Montag, 30. Januar 2012 – Elfuhrvierundfünfzig, nullkommazwei. Ostwind.

Linker Antisemitismus, Teil I – Wer sich die Texte der Hiphop-Gruppe “die bandbreite” ansieht, wird rasch gewahr, das hier im Gewand antikapitalistischer Phrasen sexistische, verschwörungstheoretische und strukturell antisemitische Inhalte transportiert werden. Die Deutsche Kommunistische Partei hatte die Musiker zu ihrem letztjährigen UZ-Pressefest zunächst ein-, nach interner Kritik jedoch wieder ausgeladen. Daraufhin aber erhob sich in der Partei ein so lautstarker Protest gegen die internen Kritiker, dass man die Ausladung wieder rückgängig machte und das nun doch stattfindende Konzert der Antisemiten “zu einem Höhepunkt des Festes” der Kommunisten werden konnte. Die unterlegenen Gegner der “bandbreite” waren derweil zu “Meinungsterroristen” (Rainer Rupp) erklärt worden, die “von innen her das Rot aus den Wangen der Linken saugen” (Diether Dehm). Die kommunistische “Neue Rheinische Zeitung” schrieb: “Die Linke demontiert sich selbst und zerfleischt sich in aufgepflanzten Debatten, zum Beispiel über real weitgehend nicht existierenden Antisemitismus”. Man schloss die Reihen und verwahrte sich gegen “die üble Kampagnen-Masche” und die “dubiose, teils anonyme Internethetze”: “Keinen Fußbreit dürfen wir weichen.” Wem? Den Judenfreunden? Den Juden?

Gandhi ist tot.

Sonntag, 29. Januar 2012 – Elfuhreinundfünfzig. Nullkommavier. Bedeckt.

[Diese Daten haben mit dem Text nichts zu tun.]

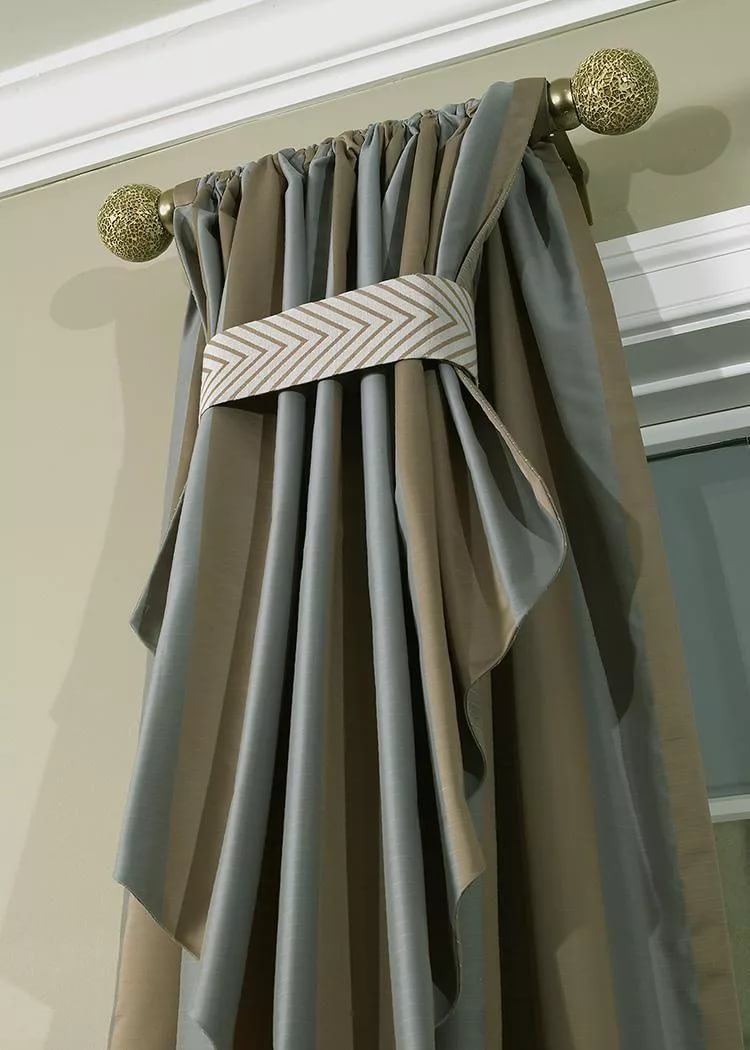 The whole variety of accessories is divided into two groups: accessories for curtains and for curtain rods. Accessories of the first type can be either simply decorative or functional.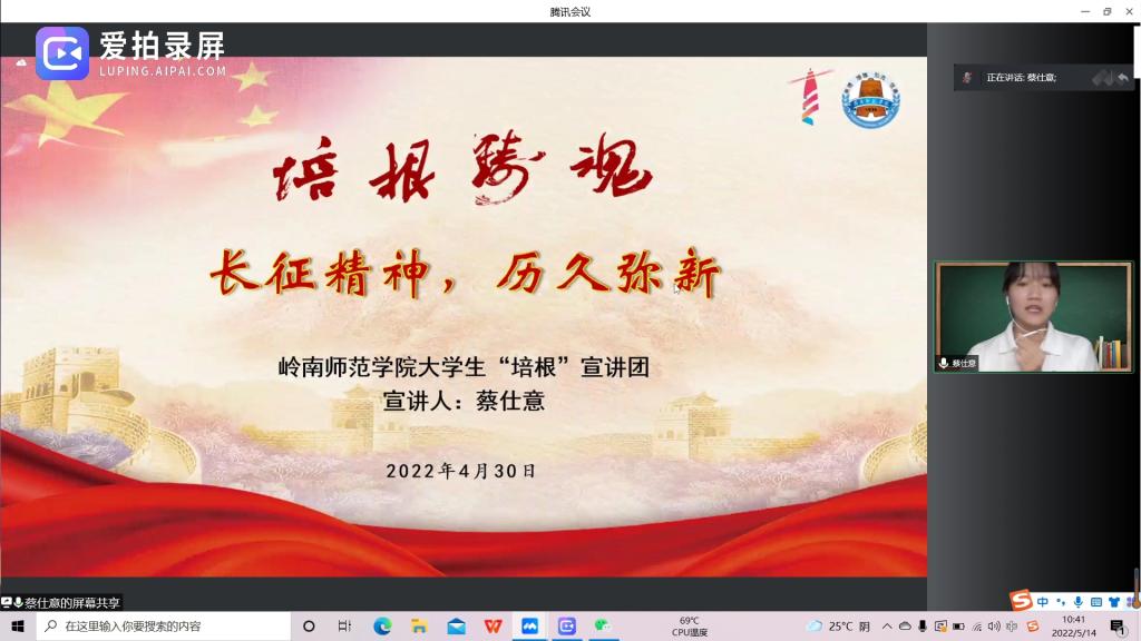 最后,蔡仕意就伟大长征精神对全体同学进行青年实际联系,她表示,如今处于新长征路上的我们,应该大力弘扬伟大的长征精神,从自身出发,努力学好科学文化知识,积极参加志愿者活动,宣传党史,传播正能量,成为社会需要的新时代青年。

In unserer Siedlung, wo Einkommen, Wohnfläche und Bildungsniveau ein wenig über dem Durchschnitt liegen, wo man den Rücken zur Stadt, mithin zur umgebenden Welt ein wenig rund macht, kann man sonntagmorgens an der Bäckereitheke des Supermarktes Brot und Kuchen erwerben und trifft dabei fast unausweichlich auf einen Typus Mann, der nicht nur Sympathie weckt. “Ich weiß gar nicht”, sagt F., “warum mich diese jungen, gut verdienenden Väter so aufbringen. Aber sie sind so leutselig, so selbstgerecht, sie gehen so demonstrativ verständnisvoll mit ihren Gören um, dass alles an ihnen zu sagen scheint: Seht her, was ich für ein guter, neuer Vater bin! Wirklich, man möchte ihnen eine Rotte rüpelner Russen auf den Hals …”

Das Glück, Adorno zu lesen. – Mit ihm geht nicht alles, aber ohne ihn geht nichts. Fehler macht gottlob auch er: So freut man sich über die Superlative “blindeste” und “tödlichste”, die man dennoch lieber nicht lesen möchte. Ganz anders als die Charakterisierung des Schlaumeiers, als der man sich gerade geriert hat: “Noch der armseligste Mensch ist fähig, die Schwächen des bedeutensten, noch der dümmste, die Denkfehler des klügsten zu erkennen.”

Sprichwort: “Die Heuchelei ist ein Kompliment an die Moral.”

Hermann Bang ist tot.

Dienstag, 24. Januar 2012 – Achtuhrzweiundfünfzig, dreikommadrei. Wolken, Sonne, Schnupfen.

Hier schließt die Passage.